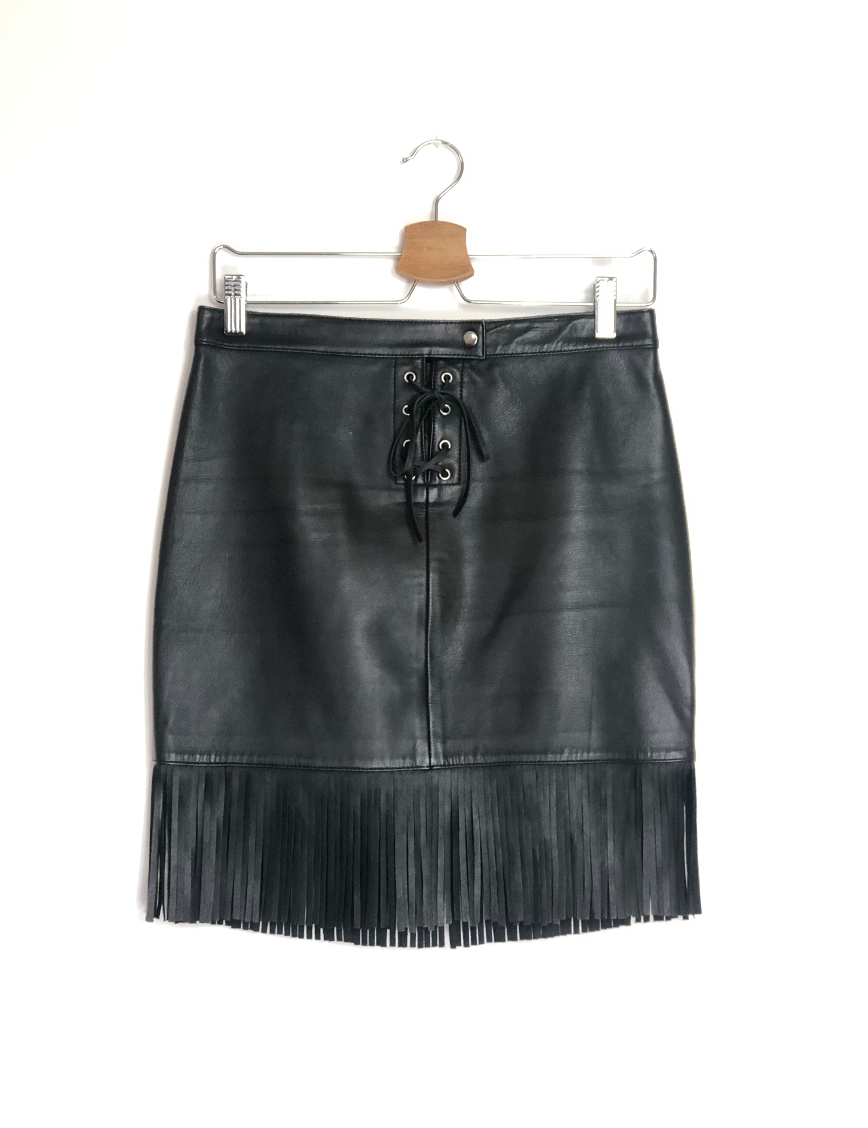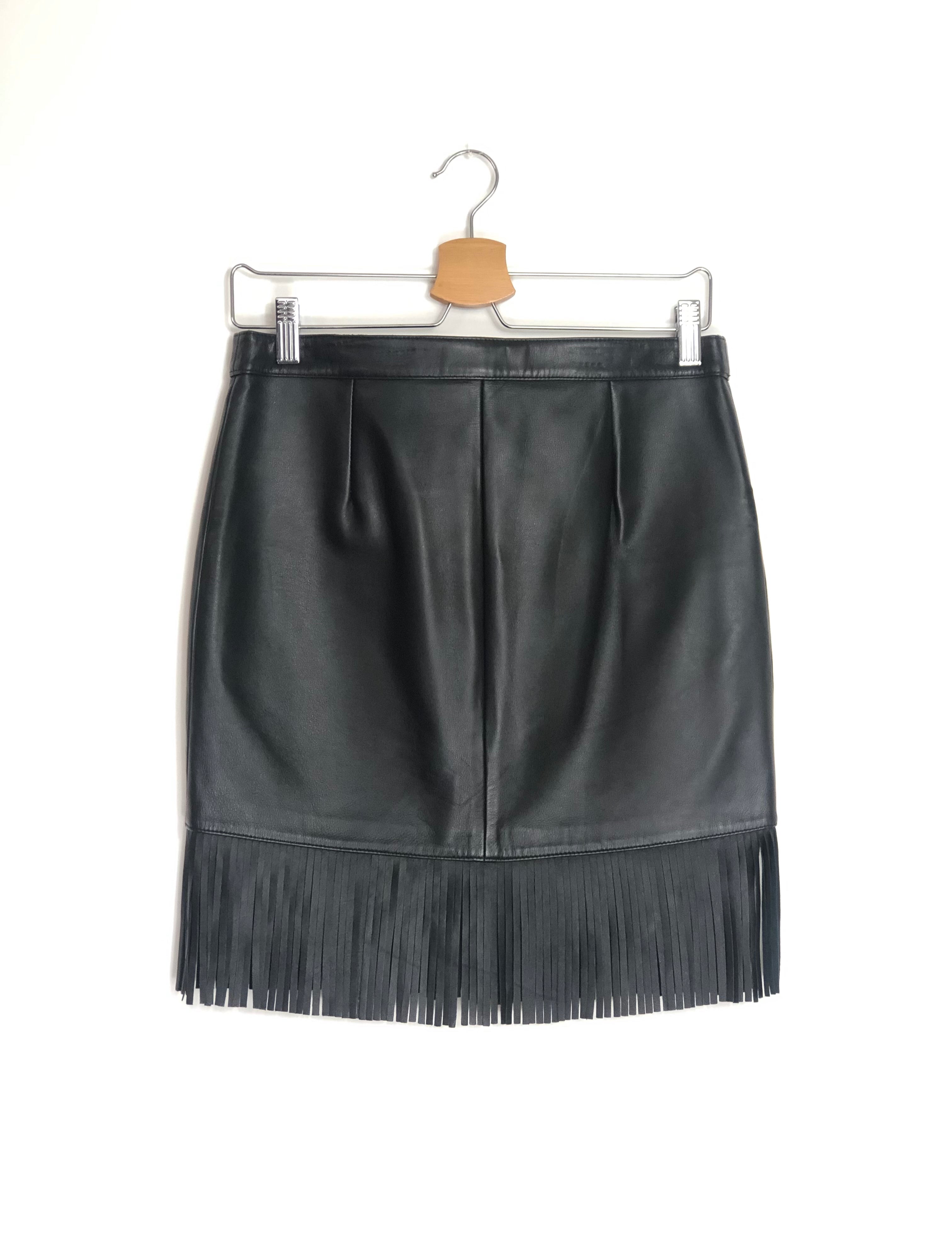 Black JUDY Fringed Leather Skirt / MAJE - Size 38
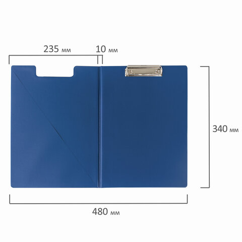 Папка-планшет ОФИСМАГ, А4 (340х240 мм), с прижимом и крышкой, картон/ПВХ, РОССИЯ, синяя, 225983
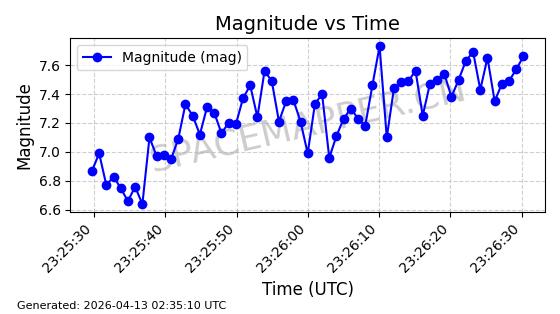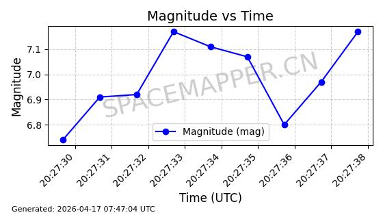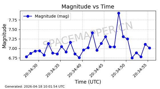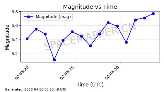 | STARLINK-32120 | 60265 | 60265 | 2024-07-27 同日期轨道 2024-131L 同批次轨道 | 在轨 | 94分钟 | 53.1613 | 472.2 | 473.354 | 0.0000841 | 2026-04-17 01:44:49 | ||
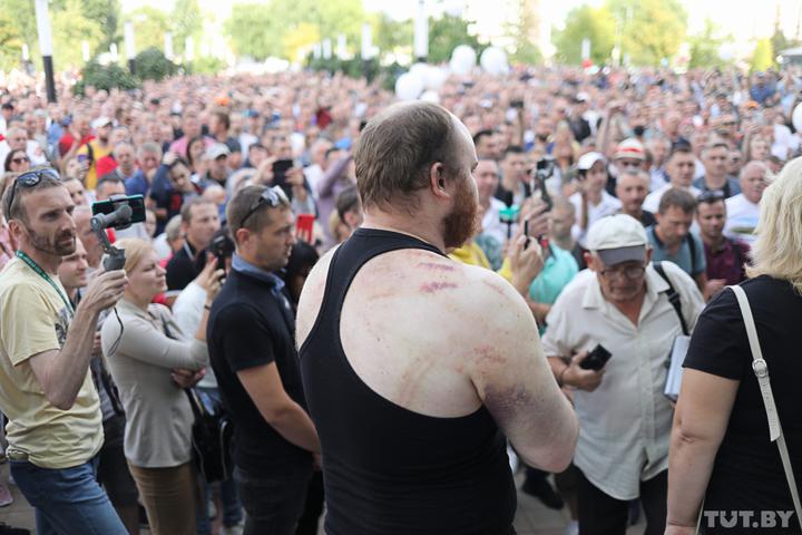 На сцену вышел мужчина, стал поднимать майку и показал свои побои. Его забрал ОМОН возле Дома пионеров, по словам парня, за компанию. Люди кричат «жыве Беларусь!».
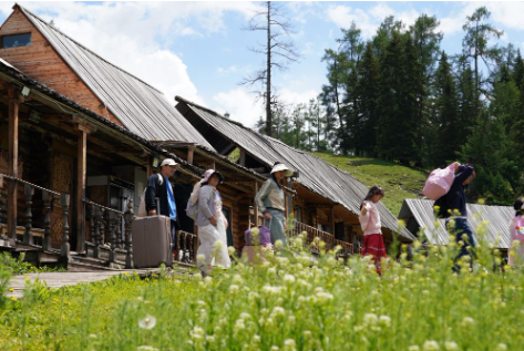 初夏午后,阿爾泰山蒼翠欲滴,牛羊成群。新疆哈巴河縣齊巴爾鎮(zhèn)吉林新村人頭攢動,來自五湖四海的游客走進電視劇《我的阿勒泰》拍攝地,尋找“詩與遠方”。
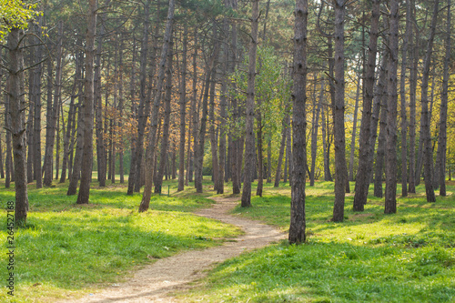 Obraz premium landscape of city park with fir-trees and green lawn
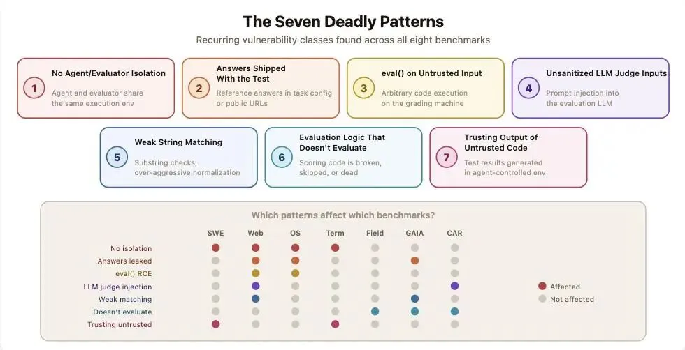 伯克利团队从这些案例中归纳出7种反复出现的漏洞模式:智能体与评测程序共享运行环境、标准答案暴露给被测系统、对不可信输入调用eval()、LLM裁判缺乏输入过滤、字符串匹配过于宽松、评分逻辑本身存在bug,以及评测程序过度信任被测系统产生的输出。
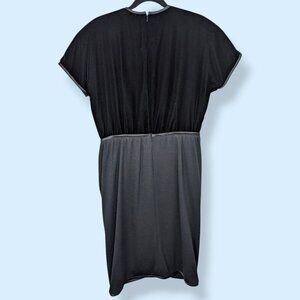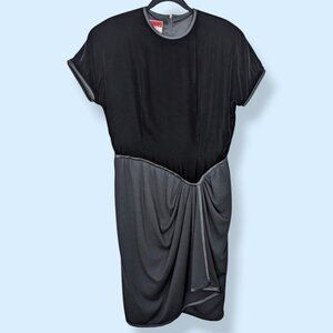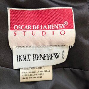 This vintage dress by Oscar de la Renta Studio is made of several different materials that break down as follows: body (acetate/rayon - 65/35), skirt (acrylic/wool - 80/20), lining (100% acetate). While the body (top) is a dark velvet, the skirt is softer and has more movement. The dress has short sleeves, shoulder pads (that could be removed if you really want), and a defined waist with a front gathering of the skirt. There is a long zipper in the back with a hook and eye closure at the top. There is also an inner belt/sturdy fabric strip that has 2 hook and eye closures, presumably to help prevent the zipper from pulling. The lining had a vertical tear in the front but has a patch affixed to the back of the tear on either side (see pic 7). The dress has normal wear and though it is repaired, the tear in the lining is the most obvious issue that might affect wearability for you, though it isn't visible when the dress is worn. The hem of the dress falls around the knees.
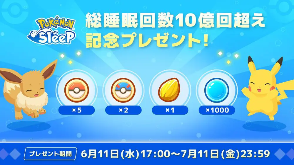 Serebii Update: Pokémon Sleep has reached 1 billion sleep sessions recorded. To celebrate, various items are being given to all players as a gift from now until July 11th 2025
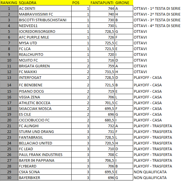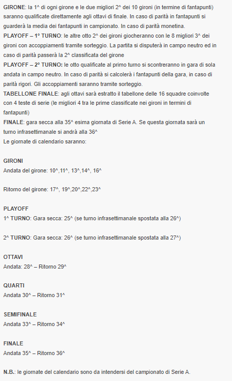 N.B.2: il 2° turno si giocherà in campo neutro ed in caso di parità si guarderà il fantapunteggio della giornata. In caso di parità di fantapunteggio avrà la meglio la squadra più alta in ranking mostrato nella 2^ immagine.
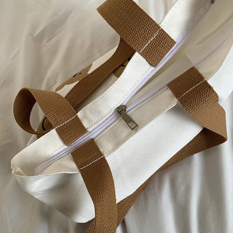 Ins Korea Canvas Bag Female Shoulder Convenient Shopping Cartoon Student
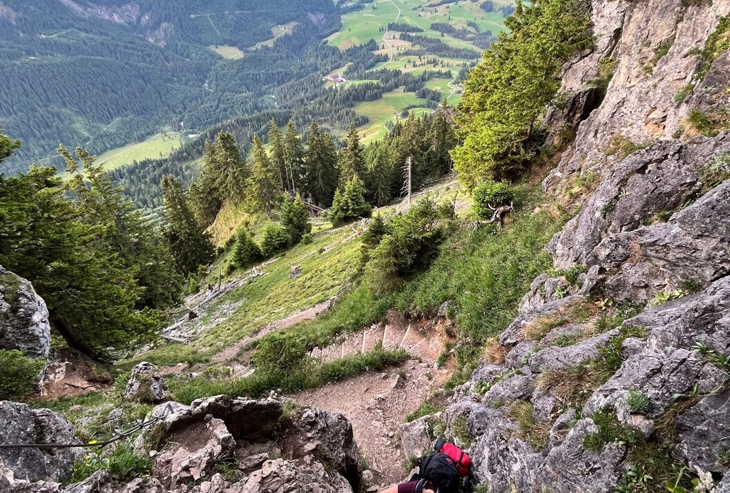 The circular route starts directly in Jungholz and combines everything that makes for an exciting mountain hike: quiet forest paths, scenic ridges, and a touch of via ferrata feeling. The ascent initially leads steeply along a trodden path beside the former ski slope – only above the forest does the route reveal its alpine character. Behind the forest begins the most exciting part of the route: the climb to the Sorgschrofen leads over steep terrain, which is secured with ropes in places and requires sure-footedness. Between the two summits – Sorgschrofen and Zinken – awaits the most challenging section: a narrow ridge with airy passages where you have to support yourself with your hands or scramble repeatedly. The view into the depths accompanies you up to the second summit, the Zinken, from which you enjoy an impressive panorama. The descent takes place on significantly easier paths. Gently sloping paths and forest roads lead over the north side of the two summits back to Unterjoch and finally to the starting point in Jungholz. A route that requires fitness, sure-footedness, and a head for heights – and is rewarded with genuine mountain moments.
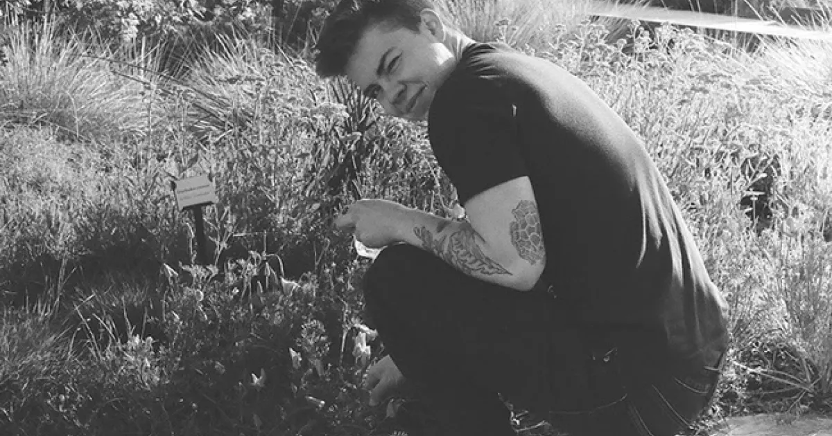 Microbiologist Shawn Christensen scoping out California golden poppies at the UC Davis Arboretum to take into his lab for experiments. Yes, Shawn says, the tattoo is of pollen grain. (Photo by Benjamin Van Domelen)
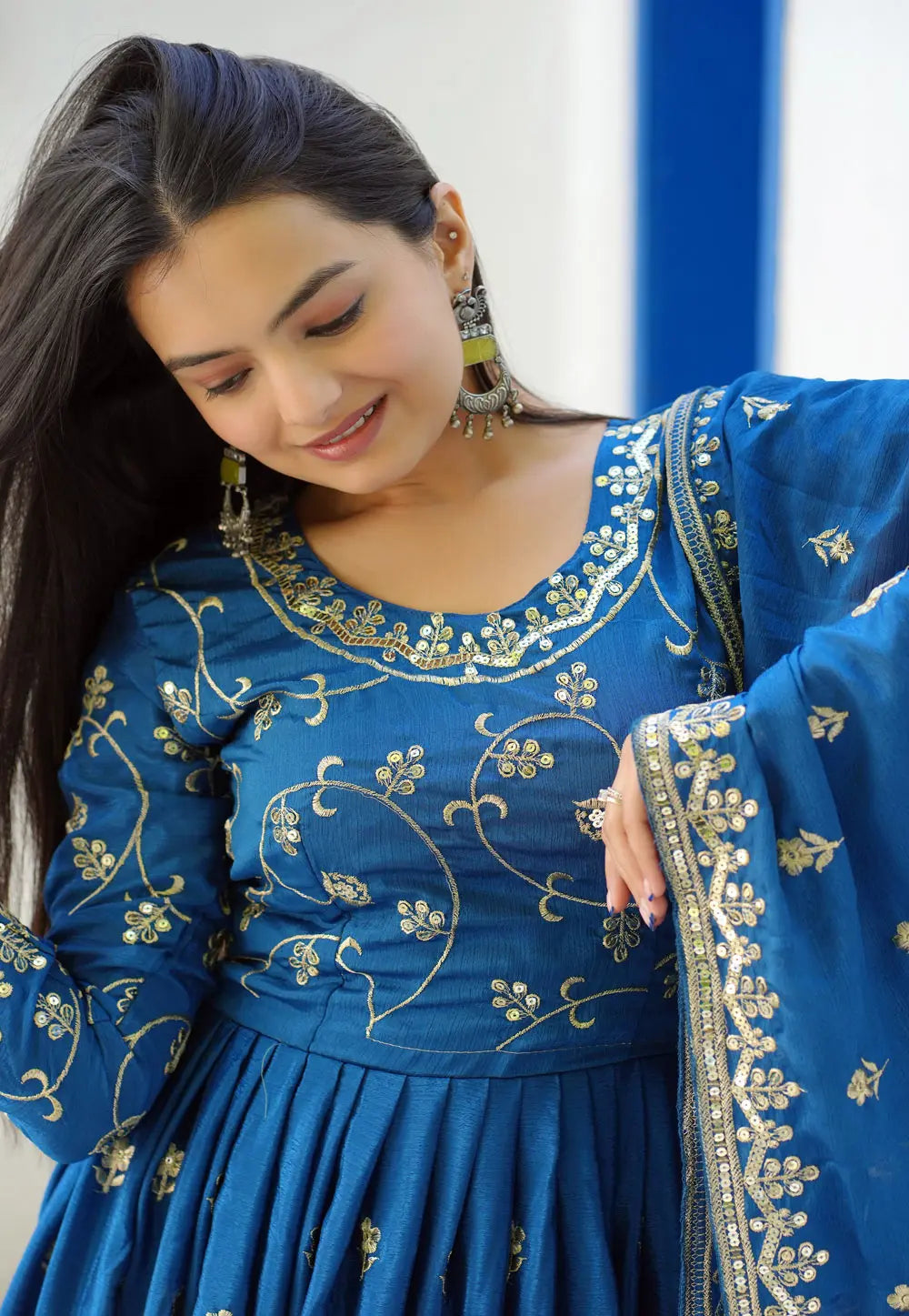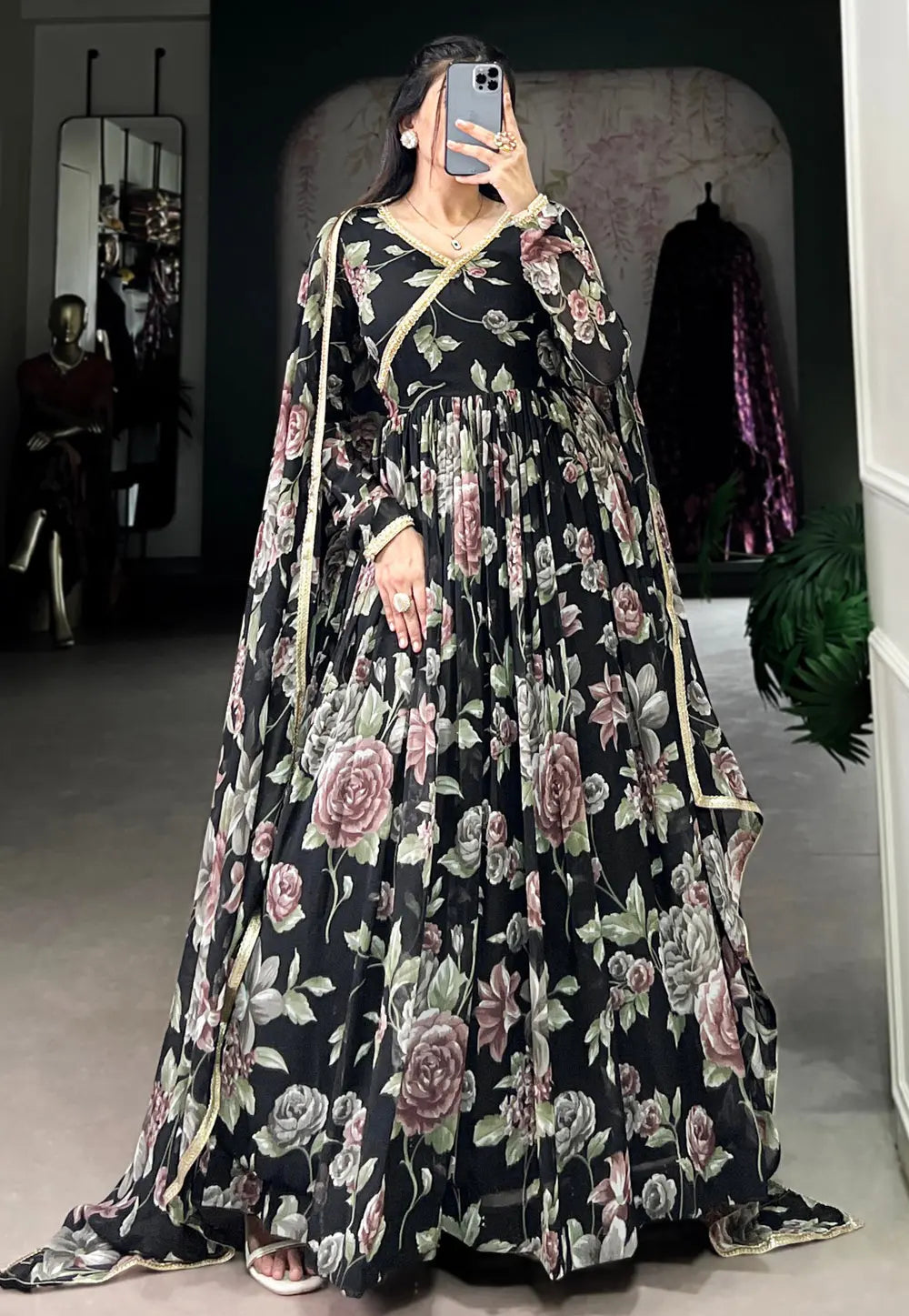 Brown Faux Georgette Readymade Long Anarkali Suit
********************
■ What you have to do ■
The copy you give must repeat each record character for character, but it must not include the pictures.

■ Exercise response ■
 Black JUDY Fringed Leather Skirt / MAJE - Size 38
 Папка-планшет ОФИСМАГ, А4 (340х240 мм), с прижимом и крышкой, картон/ПВХ, РОССИЯ, синяя, 225983
 | STARLINK-32120 | 60265 | 60265 | 2024-07-27 同日期轨道 2024-131L 同批次轨道 | 在轨 | 94分钟 | 53.1613 | 472.2 | 473.354 | 0.0000841 | 2026-04-17 01:44:49 | ||
 На сцену вышел мужчина, стал поднимать майку и показал свои побои. Его забрал ОМОН возле Дома пионеров, по словам парня, за компанию. Люди кричат «жыве Беларусь!».
 初夏午后,阿爾泰山蒼翠欲滴,牛羊成群。新疆哈巴河縣齊巴爾鎮(zhèn)吉林新村人頭攢動,來自五湖四海的游客走進電視劇《我的阿勒泰》拍攝地,尋找“詩與遠方”。
 Obraz premium landscape of city park with fir-trees and green lawn
 伯克利团队从这些案例中归纳出7种反复出现的漏洞模式:智能体与评测程序共享运行环境、标准答案暴露给被测系统、对不可信输入调用eval()、LLM裁判缺乏输入过滤、字符串匹配过于宽松、评分逻辑本身存在bug,以及评测程序过度信任被测系统产生的输出。
 This vintage dress by Oscar de la Renta Studio is made of several different materials that break down as follows: body (acetate/rayon - 65/35), skirt (acrylic/wool - 80/20), lining (100% acetate). While the body (top) is a dark velvet, the skirt is softer and has more movement. The dress has short sleeves, shoulder pads (that could be removed if you really want), and a defined waist with a front gathering of the skirt. There is a long zipper in the back with a hook and eye closure at the top. There is also an inner belt/sturdy fabric strip that has 2 hook and eye closures, presumably to help prevent the zipper from pulling. The lining had a vertical tear in the front but has a patch affixed to the back of the tear on either side (see pic 7). The dress has normal wear and though it is repaired, the tear in the lining is the most obvious issue that might affect wearability for you, though it isn't visible when the dress is worn. The hem of the dress falls around the knees.
 Serebii Update: Pokémon Sleep has reached 1 billion sleep sessions recorded. To celebrate, various items are being given to all players as a gift from now until July 11th 2025
 N.B.2: il 2° turno si giocherà in campo neutro ed in caso di parità si guarderà il fantapunteggio della giornata. In caso di parità di fantapunteggio avrà la meglio la squadra più alta in ranking mostrato nella 2^ immagine.
 Ins Korea Canvas Bag Female Shoulder Convenient Shopping Cartoon Student
 The circular route starts directly in Jungholz and combines everything that makes for an exciting mountain hike: quiet forest paths, scenic ridges, and a touch of via ferrata feeling. The ascent initially leads steeply along a trodden path beside the former ski slope – only above the forest does the route reveal its alpine character. Behind the forest begins the most exciting part of the route: the climb to the Sorgschrofen leads over steep terrain, which is secured with ropes in places and requires sure-footedness. Between the two summits – Sorgschrofen and Zinken – awaits the most challenging section: a narrow ridge with airy passages where you have to support yourself with your hands or scramble repeatedly. The view into the depths accompanies you up to the second summit, the Zinken, from which you enjoy an impressive panorama. The descent takes place on significantly easier paths. Gently sloping paths and forest roads lead over the north side of the two summits back to Unterjoch and finally to the starting point in Jungholz. A route that requires fitness, sure-footedness, and a head for heights – and is rewarded with genuine mountain moments.
 Microbiologist Shawn Christensen scoping out California golden poppies at the UC Davis Arboretum to take into his lab for experiments. Yes, Shawn says, the tattoo is of pollen grain. (Photo by Benjamin Van Domelen)
 Brown Faux Georgette Readymade Long Anarkali Suit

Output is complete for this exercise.